Ein Blick zurück auf die letzten Kolumnen brachte dieser Tage eine Erkenntnis hervor: Hier ging es schon lange nicht mehr um eine Autorin. Diesem Zustand muss dringend Abhilfe geschaffen werden.

Würde die Dame, um die es hier geht, heute leben, wäre sie vermutlich eine Art Skandalnudel und häufiger mal auf der Titelseite der einschlägigen Gazetten. Immer unangepasst, ihrer Zeit voraus, nie den Erwartungen ihrer Mitmenschen entsprechend. Aber mit dem festen Willen, ihren Weg zu gehen.

Das war um 1900, als sich Fanny Gräfin zu Reventlow für diese Lebensweise entschied, natürlich noch ungleich schwerer als in postmodernen „Jeder macht was er will“-Zeiten.
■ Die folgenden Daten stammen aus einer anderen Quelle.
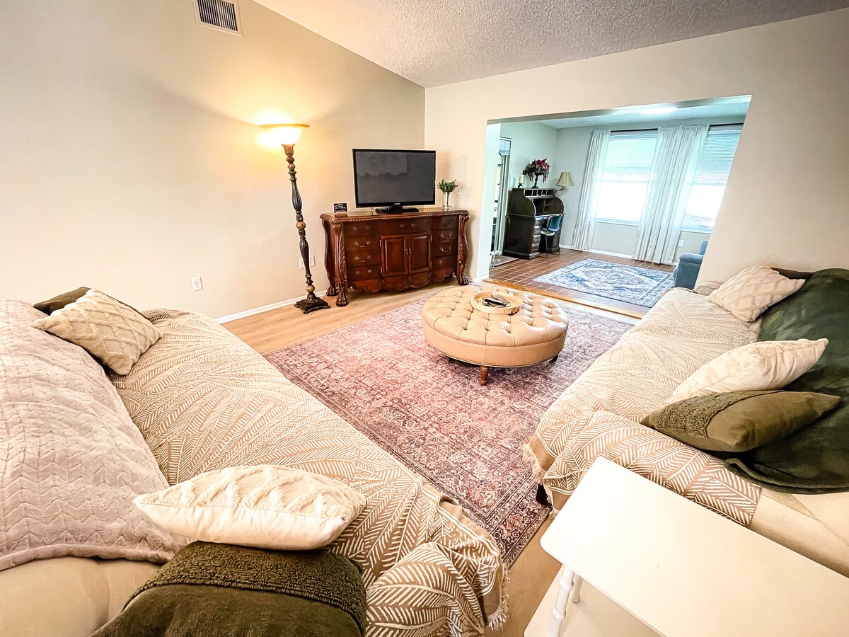 Расслабьтесь в этом уютном доме с 2 спальнями и 1,5 ванными комнатами. В каждой спальне есть телевизор и кондиционер. Еще один кондиционер расположен в гостиной. В одной спальне установлена кровать размера Queen size и специальная рабочая зона. В другой спальне есть две односпальные кровати. Посмотрите любимые фильмы в гостиной или выпейте на крыльце с видом на красивый огороженный задний двор. Полностью укомплектованная кухня и гриль позволят вам почувствовать себя как дома. Собаки приветствуются, но ознакомьтесь с правилами перед бронированием.
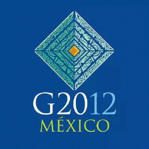 2011 年12月1日,墨西哥接替法國稱為20國集團(G20)的輪值主席國,本屆G20首腦峰會將在2012年6月在墨西哥南下加利福尼亞州洛斯卡波斯(Los Cabos, Baja California Sur)舉行。上圖為G20墨西哥峰會的官方標識,融合了墨西哥特色圖案。
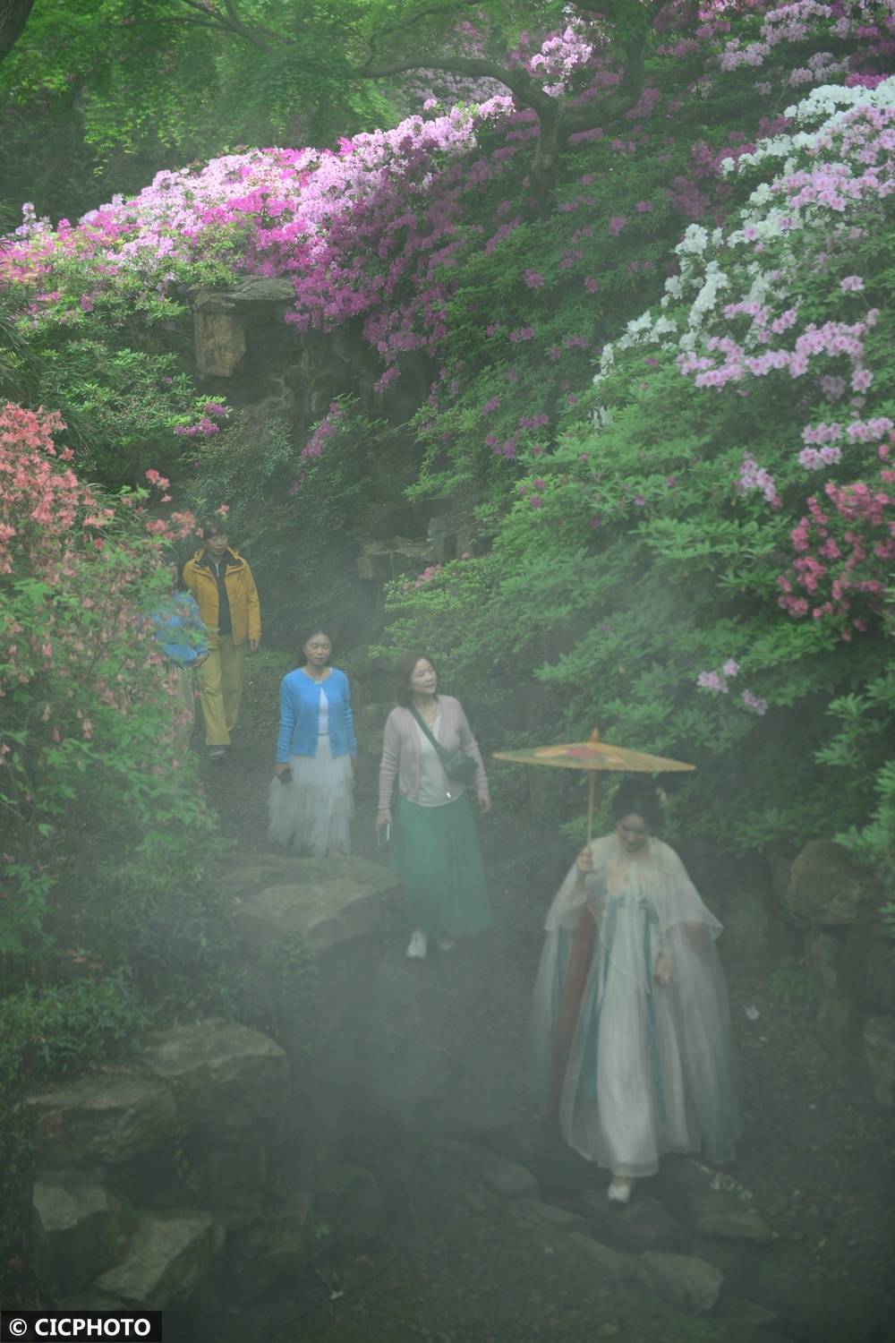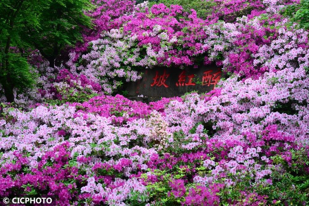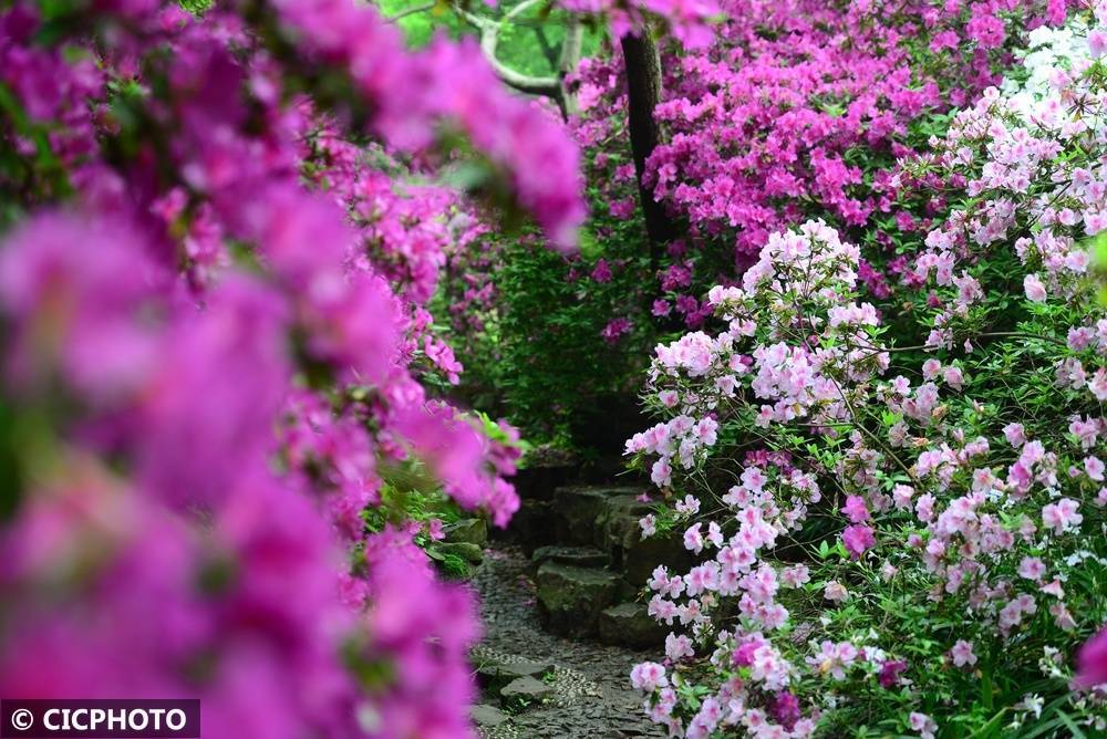 ↑2026年4月15日,游客在江苏省无锡市惠山古镇中国杜鹃园赏花游览。CICPHOTO/张则鸣 摄
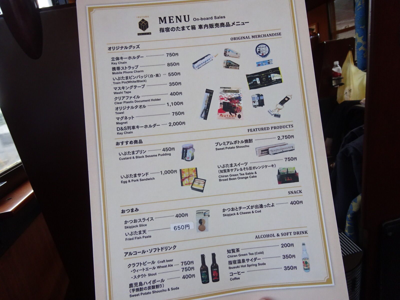 オリジナルグッズもいろいろあって、車内で買い求めることができるんだ。そして、「指宿のたまて箱」でしか味わえないグルメのラインナップも、とっても充実していたよ。

Da konnte man noch, wie es der 1871 in Husum geborenen Fanny Liane Wilhelmine Sophie Auguste Adrienne Gräfin zu Reventlow passierte, von der Familie zur Besserung aufs Land geschickt werden. Zu einer Pastorenfamilie, damit auch alles seinen geregelten christlichen Gang gehen möge.

Dumm nur, dass die Familie nicht mit der Widerstandskraft des Mädchens rechnete, das sogleich aus dem Exil floh und bei Verwandten in Wandsbek unterkam, um von dort aus zu einer Karriere zu starten, die ihres gleichen sucht.

Die Zeit in Wandsbek brachte für Fanny von Reventlow vor allem zweierlei mit sich: die Ehe mit einem Gerichtsassessor, die später geschieden wurde, und die Möglichkeit, über das Leben nachzudenken, verbunden u.a. mit einem Aufenthalt an der Malschule von Anton Ažbe in München.

Letzterer dürfte für den vielleicht entscheidenden Sprung im Leben Fannys verantwortlich sein. 1895 entschloss sie sich, endgültig nach München zu ziehen (was die Scheidung zur Folge hatte), um dort das Leben zu beginnen, für das sie heute bekannt ist: Das Leben als Muse der Schwabinger Bohème, aber auch als aktives Mitglied dieser illustren Schar ständig notleidender, aber immer produktiver Künstlern. Und produktiv war auch Fanny von Reventlow. Wer sie heute auf ihre Rolle als „Maskottchen“ reduziert, tut der Autorin unrecht. Sie hat unter dem Namen „F. Gräfin von Reventlow“ (in späteren Werkausgaben fälschlicherweise auch Franziska Gräfin zu Reventlow) ein umfangreiches Werk hinterlassen, dessen sprachliche Rafinesse und feine satirische-komische Note hinter seiner kulturgeschichtlichen Relevanz nicht zurückstehen.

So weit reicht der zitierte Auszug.